(Records drawn from a dataset)

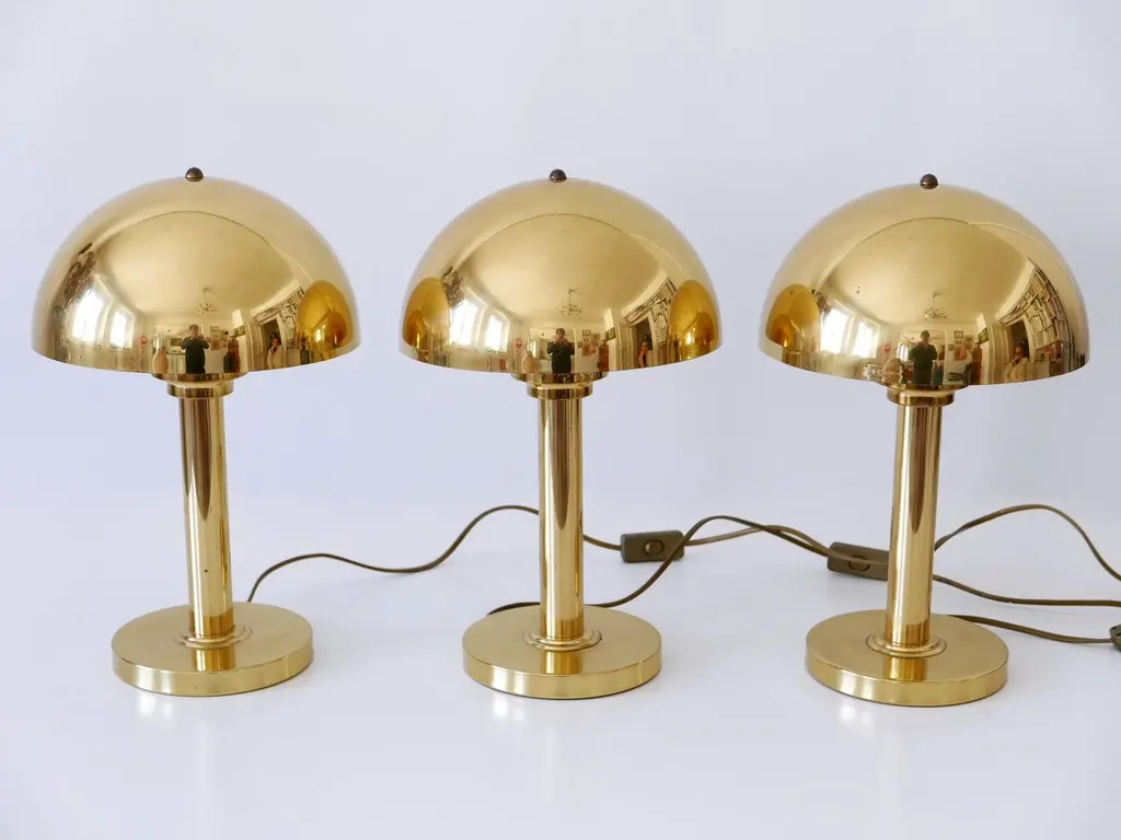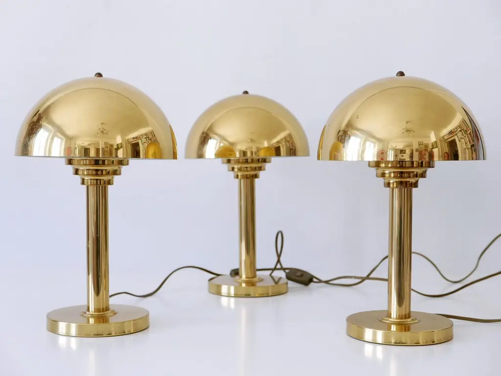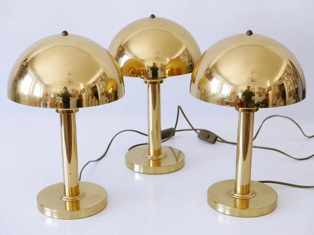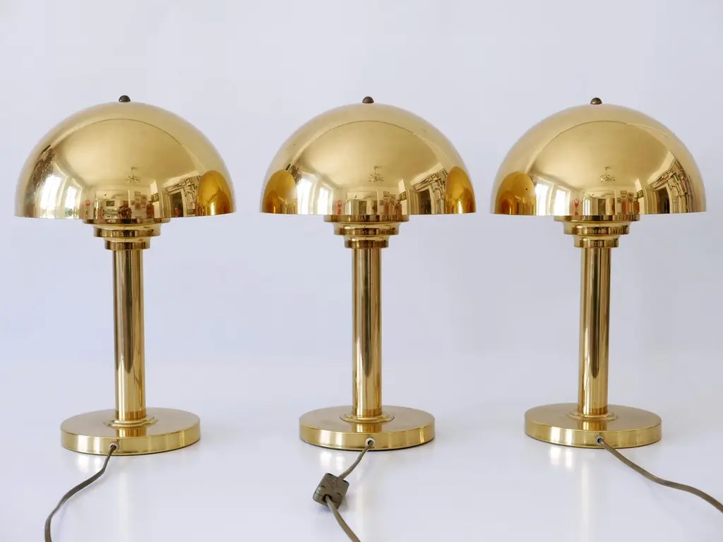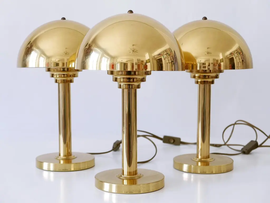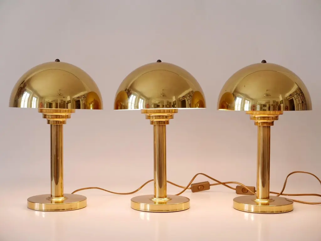 Elegant and highly decorative Mid-Century Modern brass table lamps. Designed and manufactured by WSB, Germany, 1960s.Three identical lamps are available. Price per item.Executed in polished brass sheet and tube, each lamp comes with 1 x E27 / E26 Edison screw fit bulb socket, is wired, in working condition and runs both on 110 / 230 volt. Max. 60 Watt each. Delivery without bulb.Our lights are checked, cleaned and are suitable for use in the USA. For usage in US you would only have to change the plug or get a holiday converter if needed.Condition:Good original vintage condition. Wear consistent with use and age. Please see all images for its condition.Measurements:Dm: 9.85 in (25 cm)H: 15.75 in (40 cm)Weight each ca. 2 KG
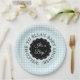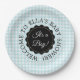 Personalise these cute baby boy, "its a boy" baby shower small cake plates, with blue gingham chequered stripes and black label on the inside that says, "Its a boy."
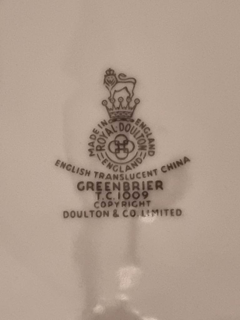 Royal Doulton dinner service for six people, tea service for six plus. Greenbrier pattern. Dinner service has serving dishes, serving plates and gravy boat. Tea service comes with sugar bowl and milk jug. Sold together. Collection only.
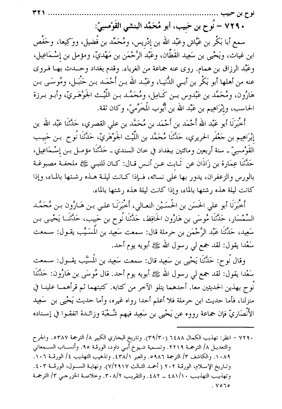 [1] 7290- انظر: تهذيب الكمال 6488 (30/39) . وتاريخ البخاري الكبير 8/الترجمة 5387. والجرح والتعديل 8/الترجمة 2219. وتسمية شيوخ أبي داود، الورقة 95. وأنساب السمعاني 1089. والكاشف 3/الترجمة 5986. والعبر 1/438. وتذهيب التهذيب 4/الورقة 106.
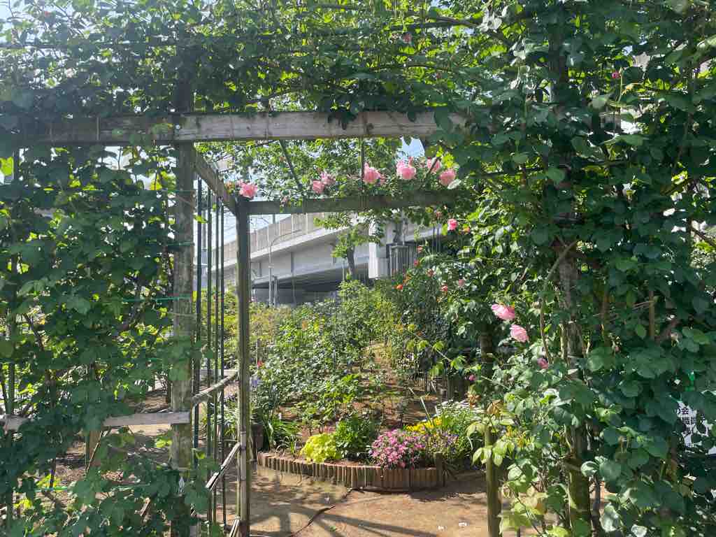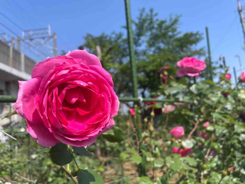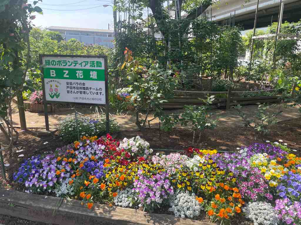 ■BZ花壇で薔薇が咲き始めました!戸田駅から埼京線高架に沿って南に徒歩2分。香りの良い薔薇種を集めた花壇。ボランティアで薔薇の移植育生を長年続けてくださる松井さんに感謝します。

# What is needed
Return exactly the line containing "[1] 7290- انظر: تهذيب" and every line after it, up to and including the final line of the entries above. Pictures stay out.

# Result of the exercise
 [1] 7290- انظر: تهذيب الكمال 6488 (30/39) . وتاريخ البخاري الكبير 8/الترجمة 5387. والجرح والتعديل 8/الترجمة 2219. وتسمية شيوخ أبي داود، الورقة 95. وأنساب السمعاني 1089. والكاشف 3/الترجمة 5986. والعبر 1/438. وتذهيب التهذيب 4/الورقة 106.
 ■BZ花壇で薔薇が咲き始めました!戸田駅から埼京線高架に沿って南に徒歩2分。香りの良い薔薇種を集めた花壇。ボランティアで薔薇の移植育生を長年続けてくださる松井さんに感謝します。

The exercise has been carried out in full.